# [Problem to solve]
Full transcription, minus images: write out the listing below exactly as it appears.
BEGIN Recorded information
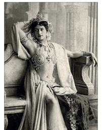
Mata Hari CC0

AFBEELDING: HTTPS://COMMONS.WIKIMEDIA.ORG/WIKI/USER:TUBS CC: BY-SA 3.0
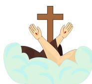
Iglesia Recoleta Franciscana Comedor Fray Andresito, de la Recoleta Franciscana
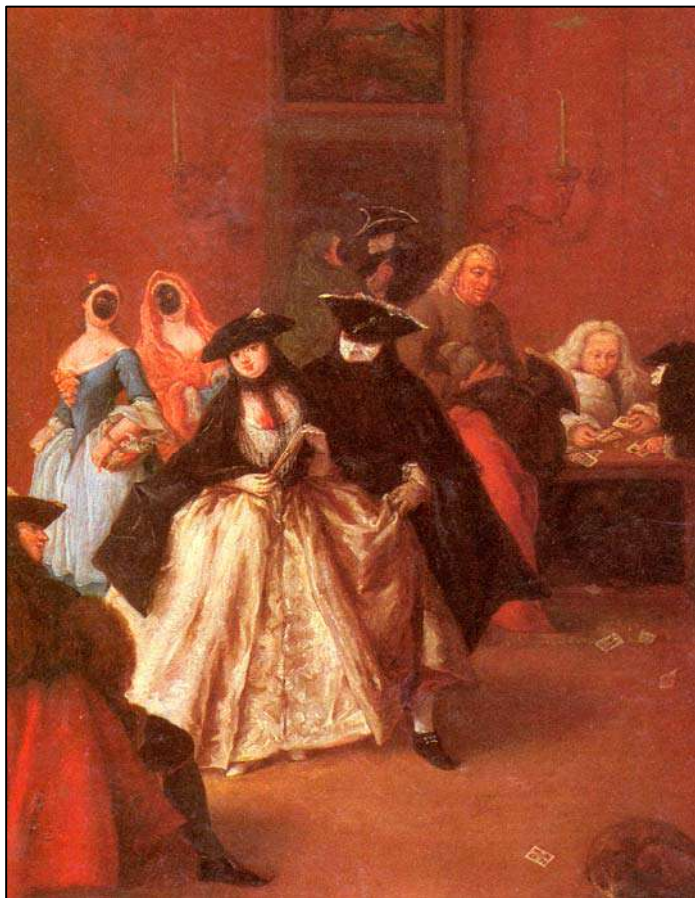
Сл. 12: P. Longhi, Il Ridotto , Венеција XVIII век
END Recorded information
# [Written solution]
Mata Hari CC0

AFBEELDING: HTTPS://COMMONS.WIKIMEDIA.ORG/WIKI/USER:TUBS CC: BY-SA 3.0
Iglesia Recoleta Franciscana Comedor Fray Andresito, de la Recoleta Franciscana
Сл. 12: P. Longhi, Il Ridotto , Венеција XVIII век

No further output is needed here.